▶ [Dataset extract]:
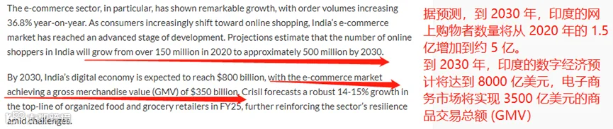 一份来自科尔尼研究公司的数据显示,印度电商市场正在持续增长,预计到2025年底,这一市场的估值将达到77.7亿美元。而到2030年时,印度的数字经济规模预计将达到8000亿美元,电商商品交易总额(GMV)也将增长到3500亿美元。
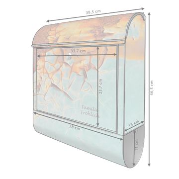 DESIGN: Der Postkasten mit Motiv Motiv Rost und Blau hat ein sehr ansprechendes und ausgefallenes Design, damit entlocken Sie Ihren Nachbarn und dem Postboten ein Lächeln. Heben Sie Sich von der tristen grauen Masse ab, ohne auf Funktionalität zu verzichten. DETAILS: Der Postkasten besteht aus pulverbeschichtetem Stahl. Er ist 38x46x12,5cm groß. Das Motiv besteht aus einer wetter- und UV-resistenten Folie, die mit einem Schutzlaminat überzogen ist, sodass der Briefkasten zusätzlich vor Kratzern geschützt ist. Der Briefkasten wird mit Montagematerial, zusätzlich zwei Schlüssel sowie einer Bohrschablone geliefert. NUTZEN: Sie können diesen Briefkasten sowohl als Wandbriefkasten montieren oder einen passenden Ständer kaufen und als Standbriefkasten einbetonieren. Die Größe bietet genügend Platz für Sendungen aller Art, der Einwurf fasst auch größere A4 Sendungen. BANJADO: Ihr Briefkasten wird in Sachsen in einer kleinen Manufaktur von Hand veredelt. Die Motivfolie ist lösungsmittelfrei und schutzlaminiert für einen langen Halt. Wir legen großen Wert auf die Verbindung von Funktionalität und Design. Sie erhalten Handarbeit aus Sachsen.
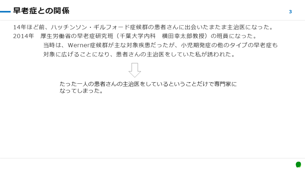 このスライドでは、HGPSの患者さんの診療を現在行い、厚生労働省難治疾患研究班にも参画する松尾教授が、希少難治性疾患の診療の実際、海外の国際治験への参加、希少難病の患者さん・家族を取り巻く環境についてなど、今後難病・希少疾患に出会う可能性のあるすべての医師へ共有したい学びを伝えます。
--
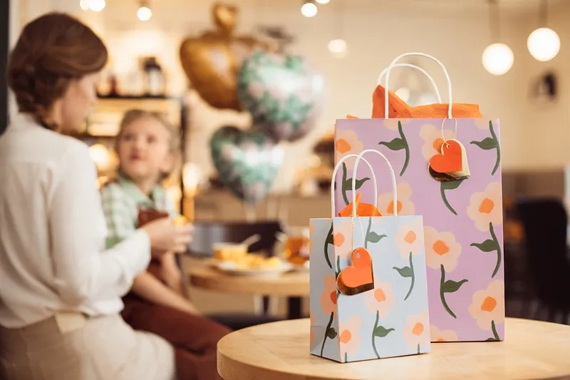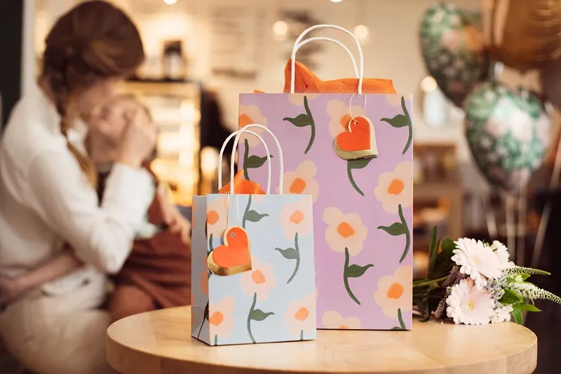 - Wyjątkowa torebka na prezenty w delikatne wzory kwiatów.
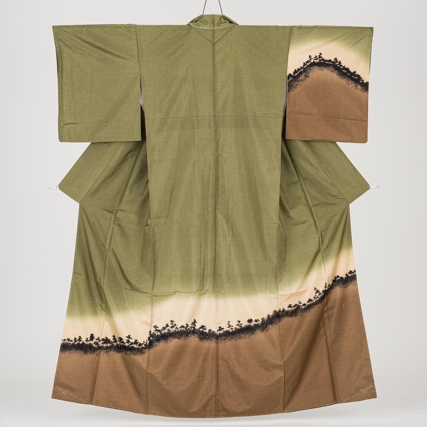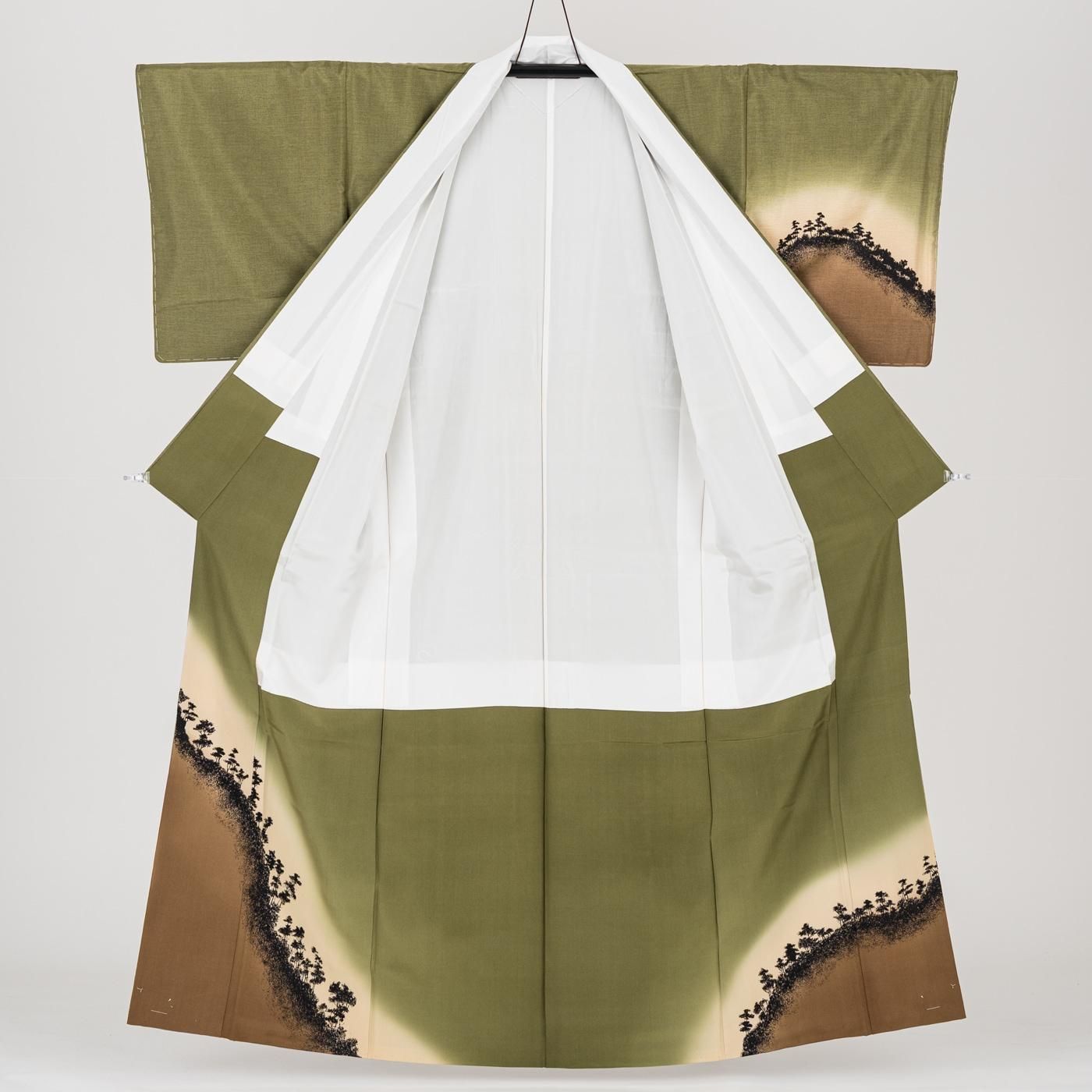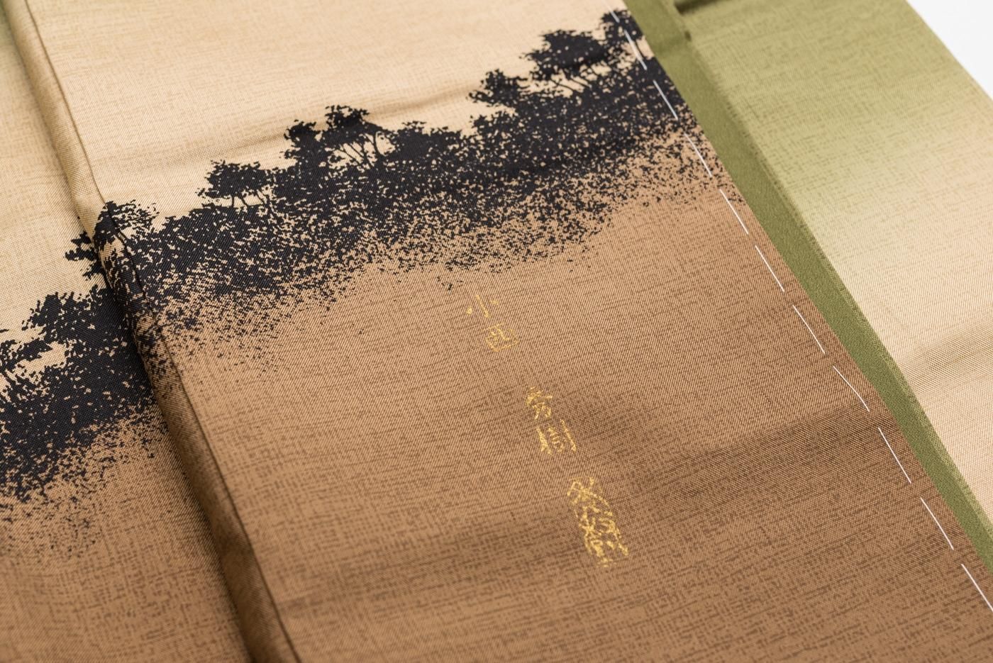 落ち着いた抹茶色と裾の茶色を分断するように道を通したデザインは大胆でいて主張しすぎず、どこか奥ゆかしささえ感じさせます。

▶ [Problem to work on]: With the pictures omitted, copy exactly the lines of the listing above starting at the line containing "- Wyjątkowa torebka" and ending at the line containing "落ち着いた抹茶色と裾の茶色を", both included.

▶ [Completed task]:
 - Wyjątkowa torebka na prezenty w delikatne wzory kwiatów.
 落ち着いた抹茶色と裾の茶色を分断するように道を通したデザインは大胆でいて主張しすぎず、どこか奥ゆかしささえ感じさせます。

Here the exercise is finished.